START Data records

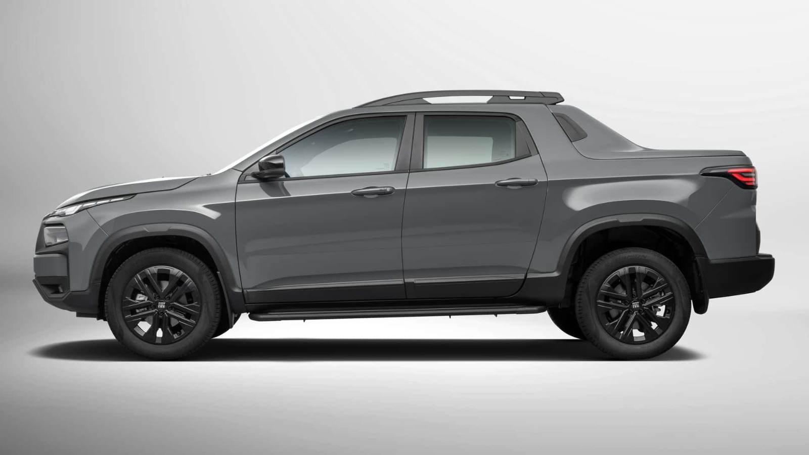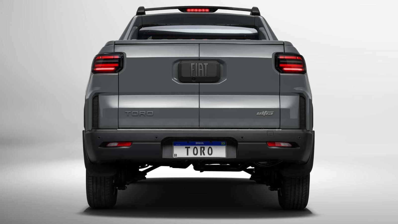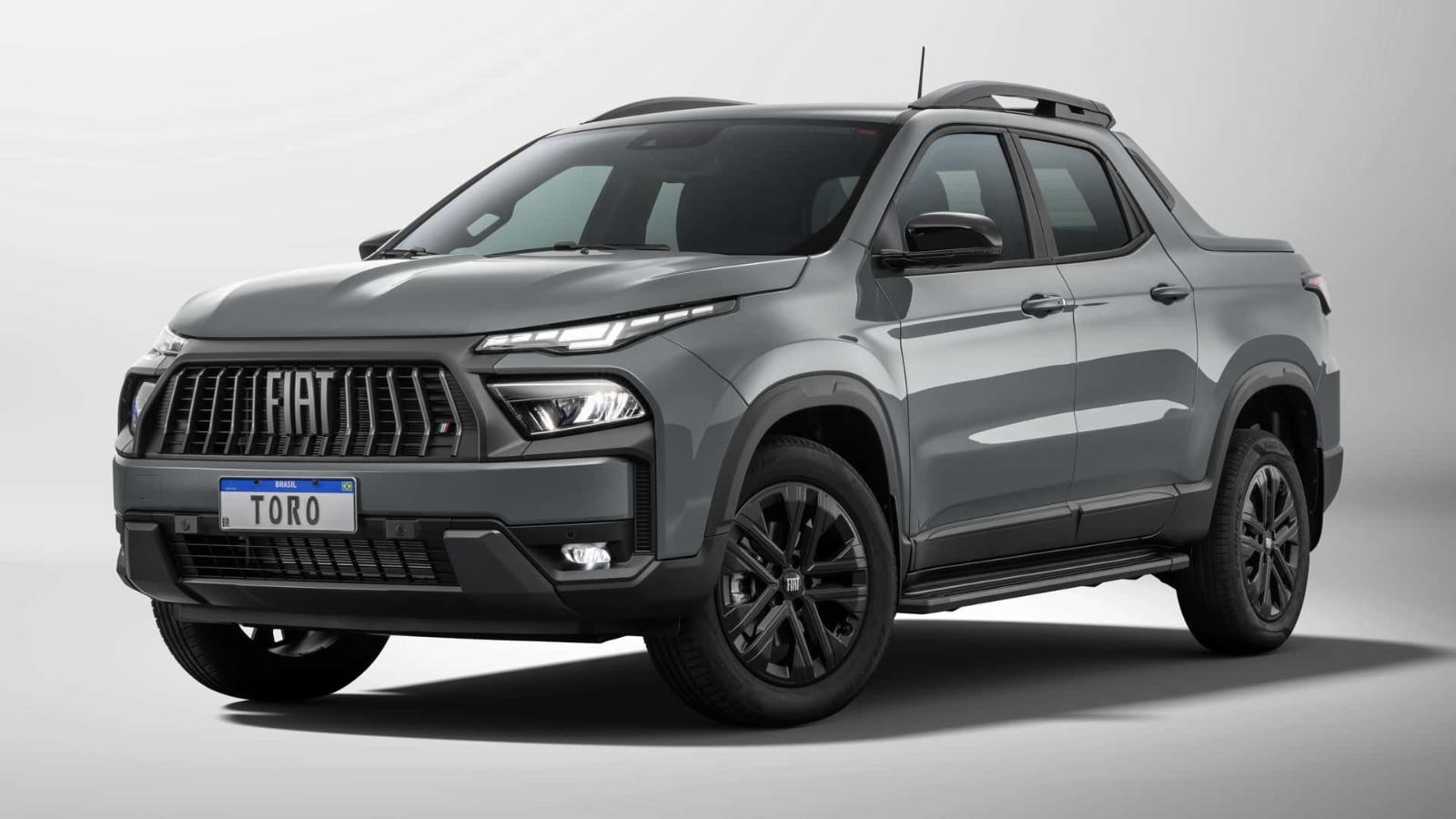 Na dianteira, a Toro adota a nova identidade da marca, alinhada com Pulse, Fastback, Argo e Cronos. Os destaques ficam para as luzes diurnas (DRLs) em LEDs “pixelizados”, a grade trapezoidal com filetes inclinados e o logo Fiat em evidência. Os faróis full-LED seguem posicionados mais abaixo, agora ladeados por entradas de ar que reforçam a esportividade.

END Data records
START Data records

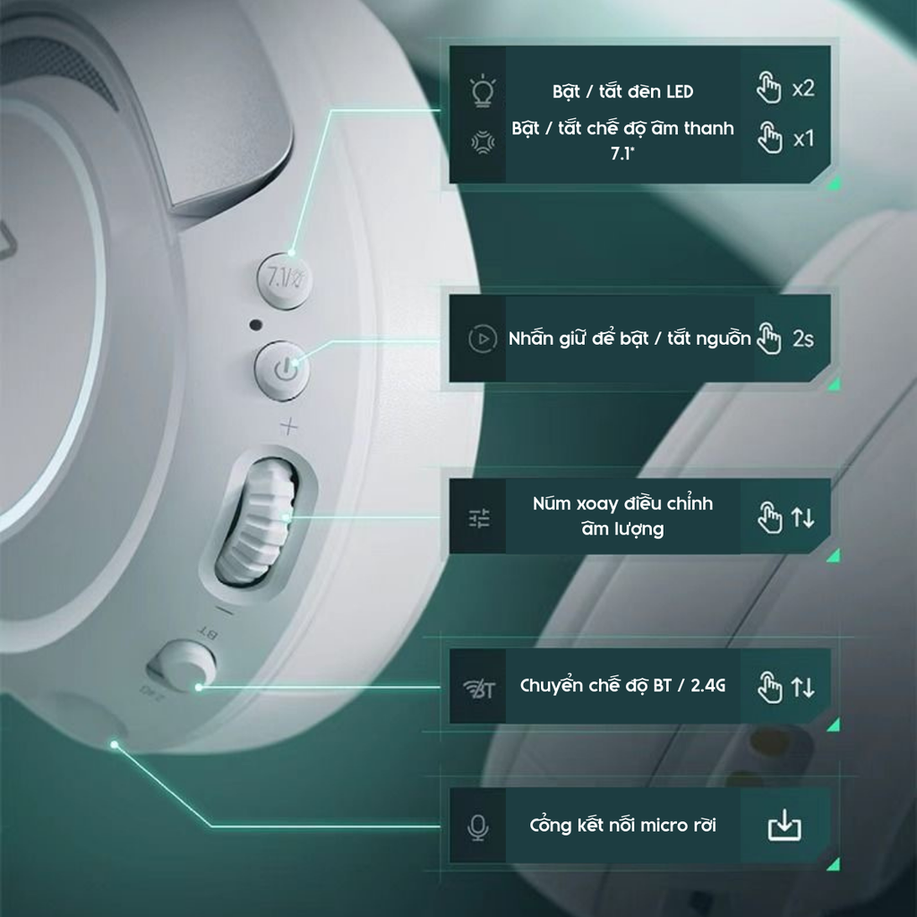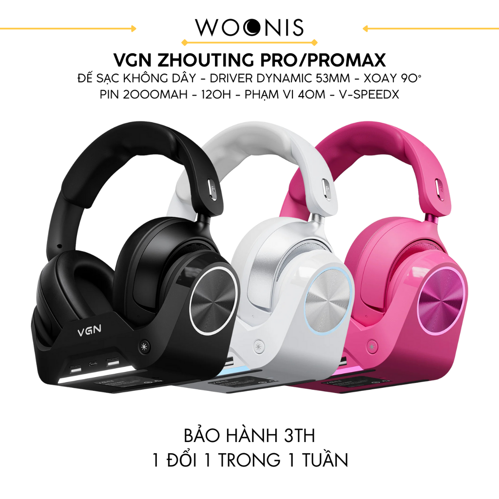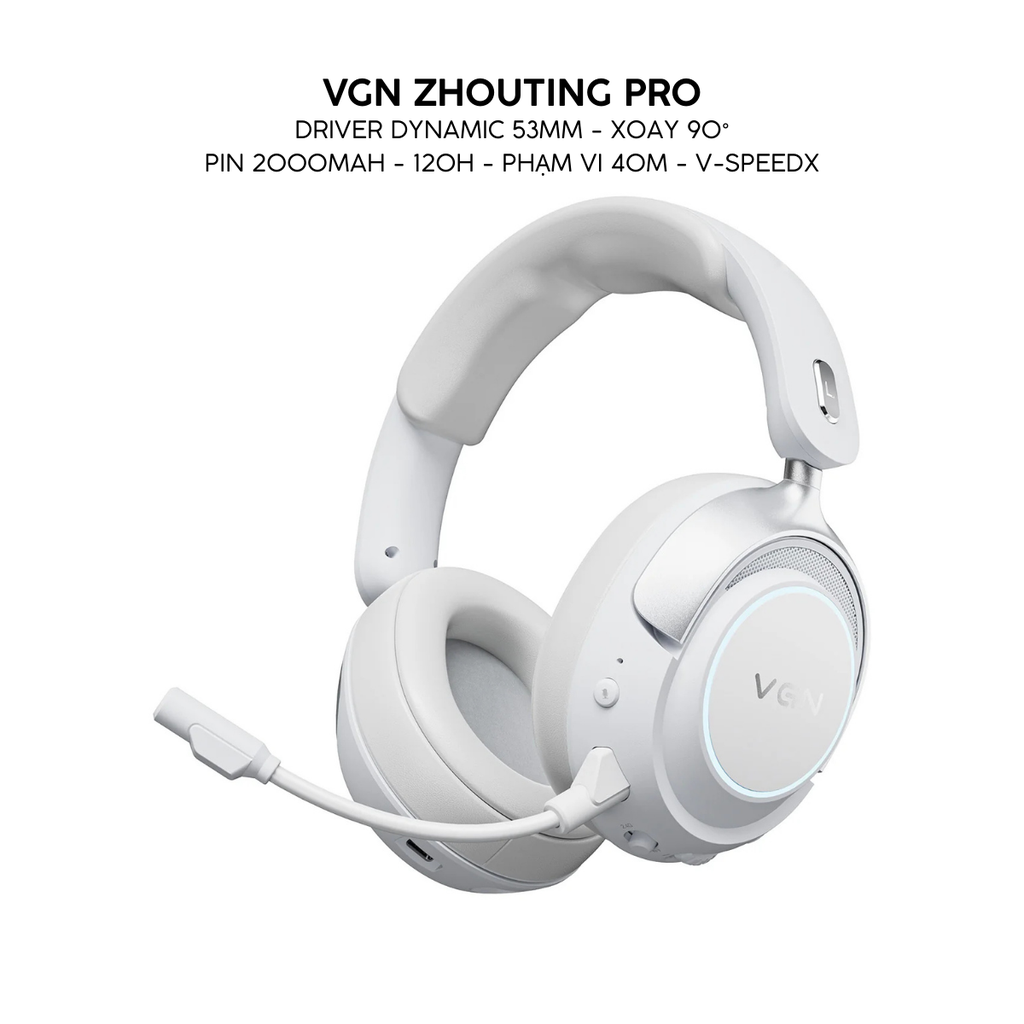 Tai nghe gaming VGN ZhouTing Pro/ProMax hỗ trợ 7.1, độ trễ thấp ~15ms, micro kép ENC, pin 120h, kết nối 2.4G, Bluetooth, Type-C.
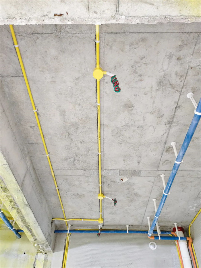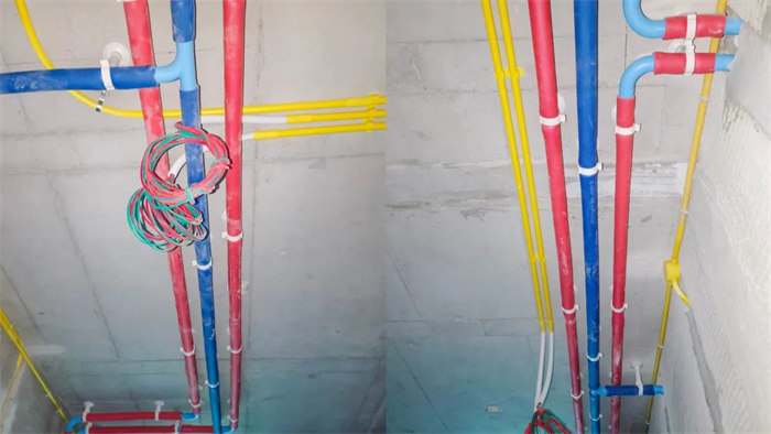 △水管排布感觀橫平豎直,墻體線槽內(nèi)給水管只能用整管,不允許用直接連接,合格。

END Data records
START Data records

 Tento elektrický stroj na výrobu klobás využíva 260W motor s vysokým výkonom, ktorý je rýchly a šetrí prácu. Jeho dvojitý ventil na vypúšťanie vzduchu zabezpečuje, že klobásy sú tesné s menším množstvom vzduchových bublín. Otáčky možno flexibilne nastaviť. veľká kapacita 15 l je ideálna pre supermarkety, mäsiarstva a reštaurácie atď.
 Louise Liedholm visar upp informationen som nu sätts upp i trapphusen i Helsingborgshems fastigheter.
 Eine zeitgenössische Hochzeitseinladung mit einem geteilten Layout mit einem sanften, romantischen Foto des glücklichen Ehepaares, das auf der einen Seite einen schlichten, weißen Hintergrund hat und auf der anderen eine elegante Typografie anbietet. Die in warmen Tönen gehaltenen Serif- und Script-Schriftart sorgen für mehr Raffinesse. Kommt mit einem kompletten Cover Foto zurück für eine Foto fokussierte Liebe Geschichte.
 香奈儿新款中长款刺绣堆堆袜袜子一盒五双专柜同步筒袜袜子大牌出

END Data records

Work required:
In the entries above, find the line with "Eine zeitgenössische Hochzeitseinladung" and the line with "香奈儿新款中长款刺绣堆堆袜袜子一盒五双专柜同步筒袜袜子大牌出", then restate word for word both of them and every line between, with nothing more.

Response box:
 Eine zeitgenössische Hochzeitseinladung mit einem geteilten Layout mit einem sanften, romantischen Foto des glücklichen Ehepaares, das auf der einen Seite einen schlichten, weißen Hintergrund hat und auf der anderen eine elegante Typografie anbietet. Die in warmen Tönen gehaltenen Serif- und Script-Schriftart sorgen für mehr Raffinesse. Kommt mit einem kompletten Cover Foto zurück für eine Foto fokussierte Liebe Geschichte.
 香奈儿新款中长款刺绣堆堆袜袜子一盒五双专柜同步筒袜袜子大牌出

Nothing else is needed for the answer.